Engineering Culture
14 min read

Vibe Coding Is Not Engineering

Vibe coding shipped fast and broke things. Engineering ships fast and keeps things running. The difference is discipline—and AI makes discipline more important, not less.

February 28, 2026

In February 2025, Andrej Karpathy posted on X about a new way of building software. He called it "vibe coding"—an approach where you "fully give in to the vibes, embrace exponentials, and forget that the code even exists." You describe what you want. The AI writes it. You run it. If it works, you ship it.

A year later, 92% of US developers use AI coding tools daily. 46% of all new code is AI-generated. And developer trust in that code has dropped from 77% to 60%.

The trust gap tells the story. Vibe coding is a real practice with a real place in the world. But when people conflate it with software engineering, teams get hurt—and so do the users who depend on what those teams build.

Split diagram comparing Vibe Coding and Engineering. Left side shows a chaotic path from 'make it work' through AI to 'ship it' surrounded by warning icons. Right side shows a structured path from Spec through AI to typecheck, lint, test, code review, and deploy.

What Vibe Coding Is (And Isn't)

Karpathy's original definition is precise: you accept AI-generated code without closely reviewing its internal structure. You iterate by testing outputs and adjusting prompts, not by reading the code itself. If you review and understand every line, you're using a large language model as a typing assistant—not vibe coding.

This distinction matters because the term has been stretched until it lost meaning. Every developer using Copilot or Cursor calls themselves a vibe coder now. But there is a meaningful difference between a developer who uses AI to accelerate work they understand, and a builder who ships code they cannot read.

The Spectrum of AI-Assisted Development

AI as TypistYou know exactly what you want. The AI types faster than you. You review every line. This is engineering with better tooling.
AI as PairYou have the architectural plan. The AI suggests implementations. You evaluate trade-offs together. This is engineering with an AI partner.
AI as AuthorYou describe features. The AI generates everything. If you verify only by running—that is vibe coding. If the output passes through governance (specs, rules, automated checks, review)—that is engineering, regardless of who prompted it.
The Spectrum of AI-Assisted Development. Four zones from left to right: AI as Typist (you review every line — engineering with better tooling), AI as Pair (you evaluate trade-offs together — engineering with AI partner), AI as Author with Governance (output verified by specs, rules, tests, review — still engineering), and AI as Author with No Governance (verify only by running — this is vibe coding). A vertical governance line separates engineering from vibe coding.

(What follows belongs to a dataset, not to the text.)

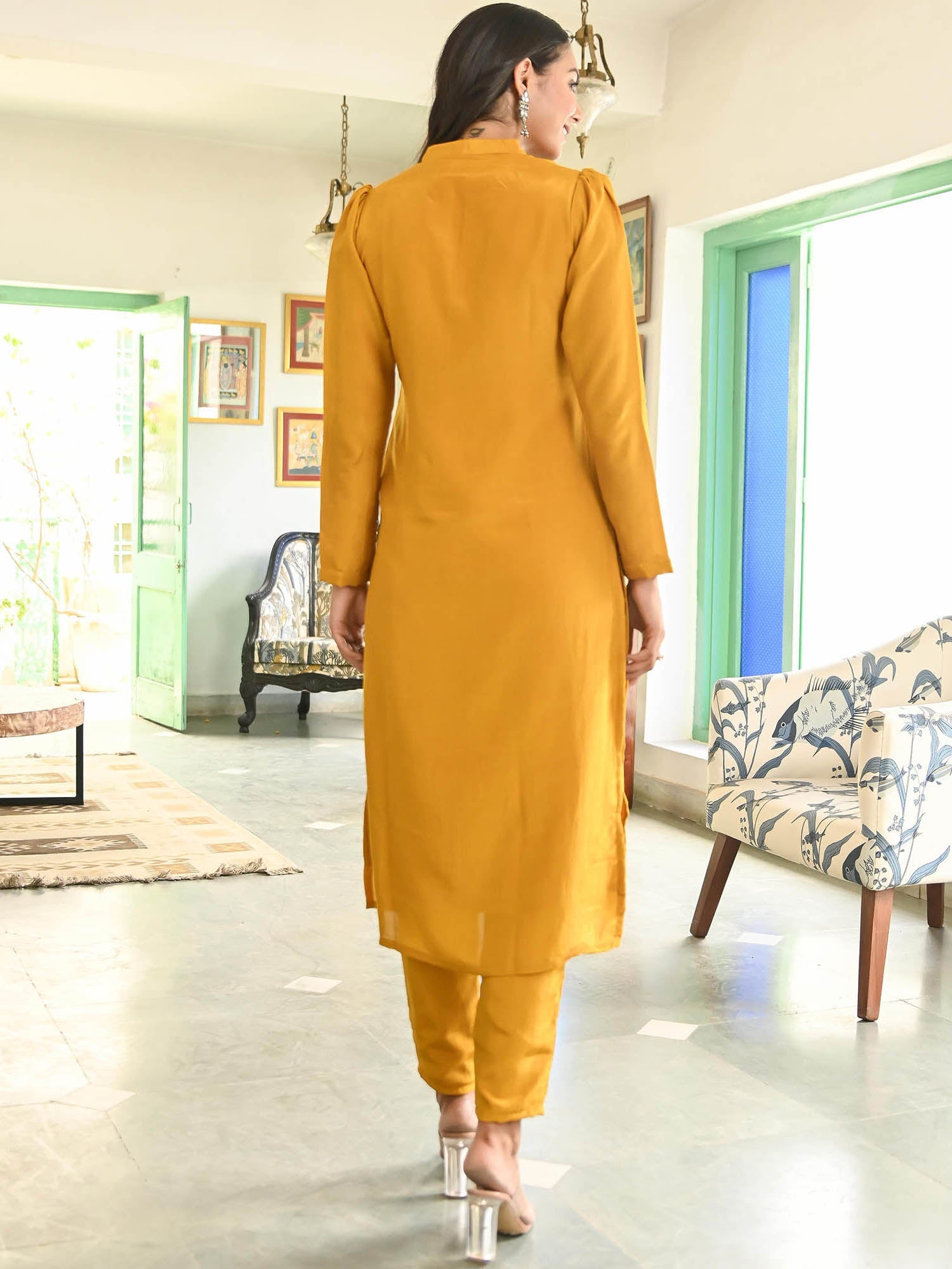 Elevate your style with this Mustard Yellow Silk Straight Kurta Set. Crafted with luxurious silk, the vibrant mustard hue adds a touch of sunshine to your wardrobe. The straight silhouette exudes elegance, making it perfect for both casual and formal occasions. Embrace sophistication and comfort in this effortlessly chic ensemble.

None of these are inherently wrong. A weekend prototype, a proof of concept, a personal tool that only you use—vibe coding is perfect for those. The problem starts when vibe-coded software gets deployed to production, handles user data, or underpins a business.

The Numbers That Should Concern You

The data on vibe-coded software in 2026 paints a consistent picture:

45%

of AI-generated code contains top-10 web application security vulnerabilities that pass undetected because nobody reads the code to audit it.

63%

more time spent debugging AI-generated code than writing the equivalent by hand—the "AI speed" advantage vanishes on contact with reality.

86%

failure rate for cross-site scripting (XSS) protection in AI-generated code— one of the most common web application security vulnerabilities.

60%

of developers trust AI-generated code in 2026, down from 77% in 2023. The more teams use AI code, the less they trust it.

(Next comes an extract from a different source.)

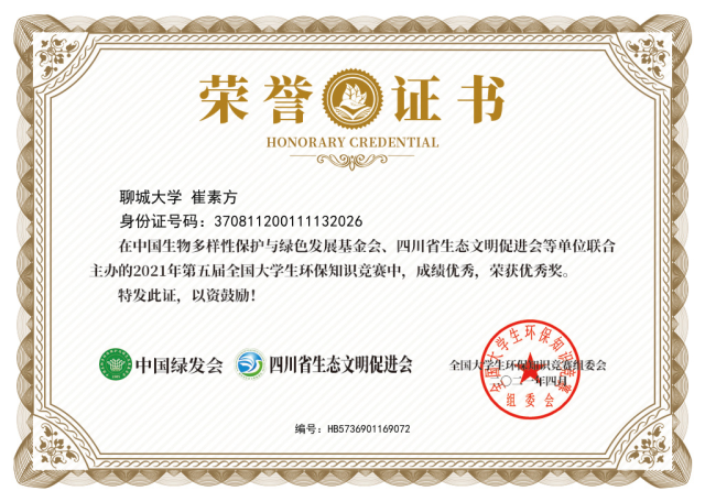 热烈祝贺药学院崔素方荣获2021年第五届全国大学生环保知识竞赛中优秀奖

These numbers come from teams using AI to write code without the engineering practices to verify it. The AI is not the problem. The absence of engineering around the AI is the problem.

The Casualties

The documented failures from vibe-coded production software are not edge cases. They are the predictable result of shipping code nobody understands.

Enrichlead: Client-Side Security as Architecture

A vibe-coded startup put its entire authorization logic on the client side. Users bypassed it in minutes. The company collapsed—not because the feature didn't work, but because nobody read the code to notice that security decisions were happening in the browser.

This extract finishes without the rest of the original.